Here at Viewpoint we deliver a digital newsletter every week to our subscribers. It curates the latest in current events, and research done on leadership, investment management, and the social sciences. Every so often we like to look back and see which articles most caught our reader’s eye, and consolidate them on our blog.
This collection is of the top five articles from this past month of issues.
1. Our most clicked article is from The New Yorker, and was from our 30th edition issued on May 12th. It encompasses everything Donald Trump, the drama that has followed in the wake of his inauguration, and outlines how he could “get fired” from his rather controversial role as President of the United States.“
The history of besieged Presidencies is, in the end, a history of hubris – of blindness to one’s faults, of deafness to the warnings, of seclusion from uncomfortable realities.”
2. Coming in at second on our list, was also from our 30th edition, is an article that explores the rather depressing fact that all skills, traits, and even feelings have a “peak” age. For example, the evidence suggests that we reach peak contentment at age 38. Fair warning: don’t click if you enjoy the ambiguity of not knowing when you’ve hit these milestones.
“Britons feel most content with their lives at the age of 38. Drilling down into the data, life-partnering made a huge difference: those who were married suggested maximum contentment came at 42, while those who weren’t preferred to be 27.”

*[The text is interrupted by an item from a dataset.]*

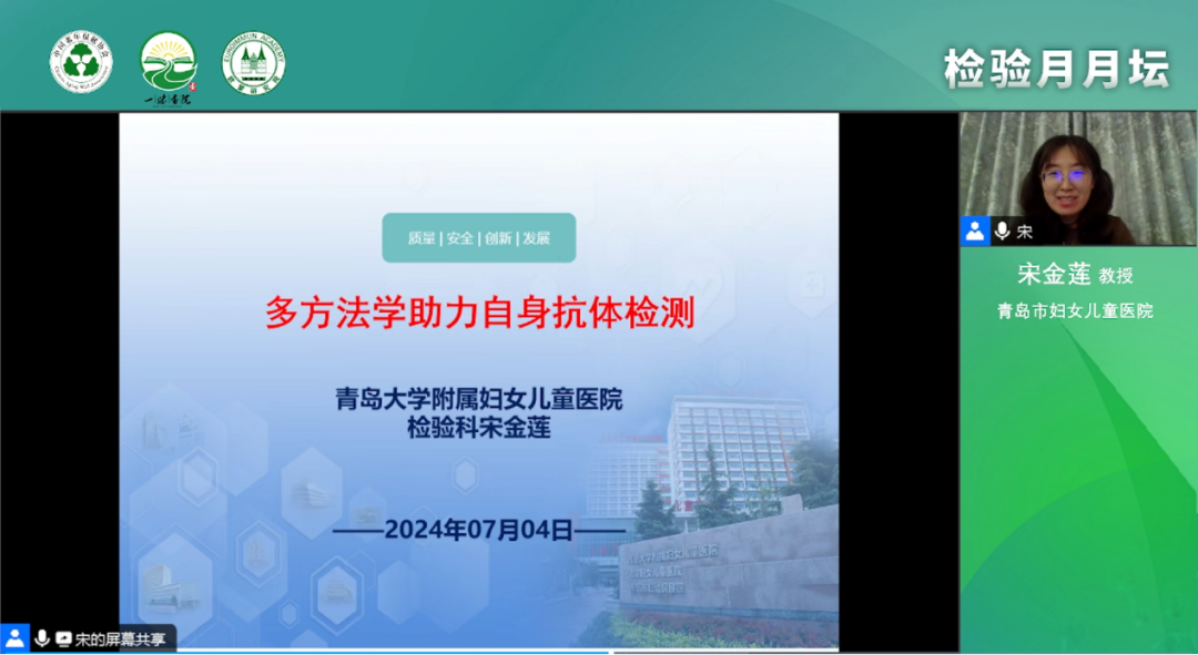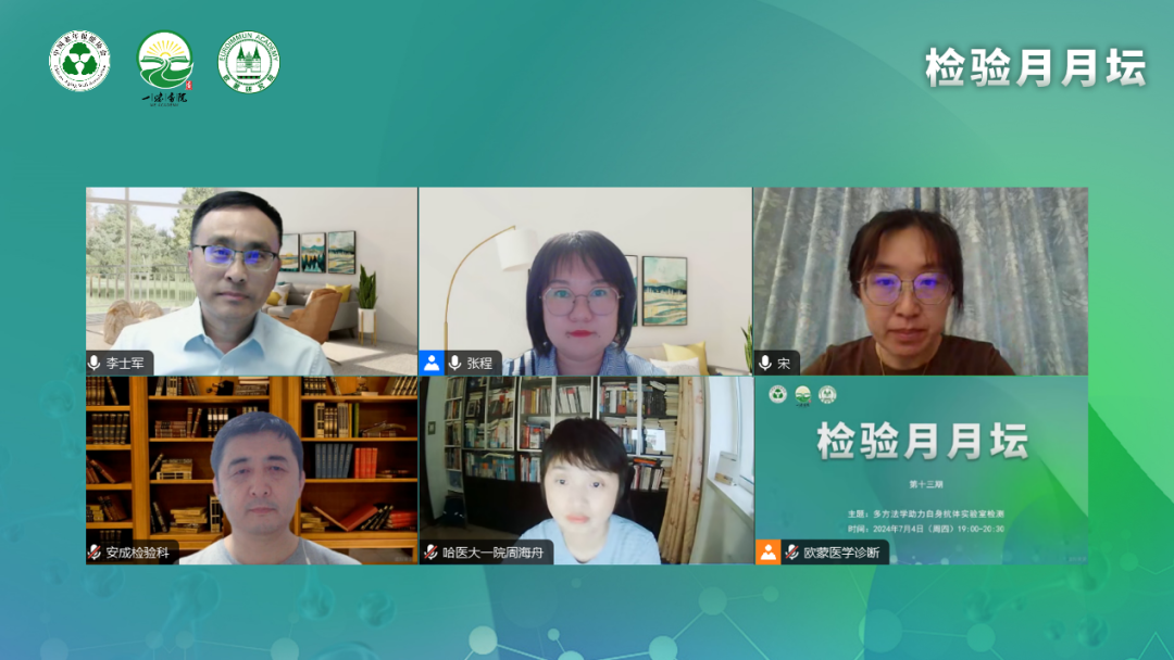 2024年7月4日(周四),中國老年保健協會、一味書院主辦的【檢驗月月壇】系列會議第13期“多方法學助力自身抗體實驗室檢測”全國直播會在線上如期召開。大連醫科大學附屬第一醫院李士軍教授擔任大會主席并致辭,遼寧省中醫院張程教授,以及青島市婦女兒童醫院宋金蓮教授擔任本次會議的講者嘉賓。同時大會還邀請了中國中醫科學院廣安門醫院安成教授、哈爾濱醫科大學附屬第一醫院周海舟教授作為本次會議的討論嘉賓。幾位專家主要圍繞“多方法學助力自身抗體實驗室檢測”進行了深入的交流和討論。

3. Articles on bias are always popular because it permeates everything from how we perceive others, and ourselves, to the decisions we make. The next article on our list was from issue #28 that was distributed on April 28, and is an interview from Knowledge@Wharton and the president and founder of deepSEE Consulting, Sara Taylor. Where Taylor discusses mindful communication, and being cognizant of not viewing others through a personal lens.
“Learning now to filter and shift helps us to become more intentional, and match our impact with that good intent.”
4. From our latest edition released last Friday: Neuroscience research plays a large role in many different fields, with leadership and management being no exception. Researchers out of the Munich Leadership Group have combined science with management consulting to develop a greater understanding around achieving peak performance. The key takeaways from their interview with Knowledge@Wharton are the importance of regulating negative emotions and creating a psychologically safe environment at all levels of the organization.
“'In the end, there is one thing that determines the highest performance, and that is psychological safety,' Hagemann said. 'If the team knows it is psychologically safe … — there is a high predictability for high performance.”'
5. And last, but certainly not least, is an article also from issue #28, by Ben Carlson that explains the rationale for building a portfolio strategy that combines both value and momentum components with a rules-based process. Which is a similar strategy that we at Viewpoint also implement in our portfolio construction.
“The reason we use a rules-based system is because no one can predict when these huge downdrafts will happen in advance. We don't want to rely on intuition or gut instinct when trying to figure out when investors will get nervous.”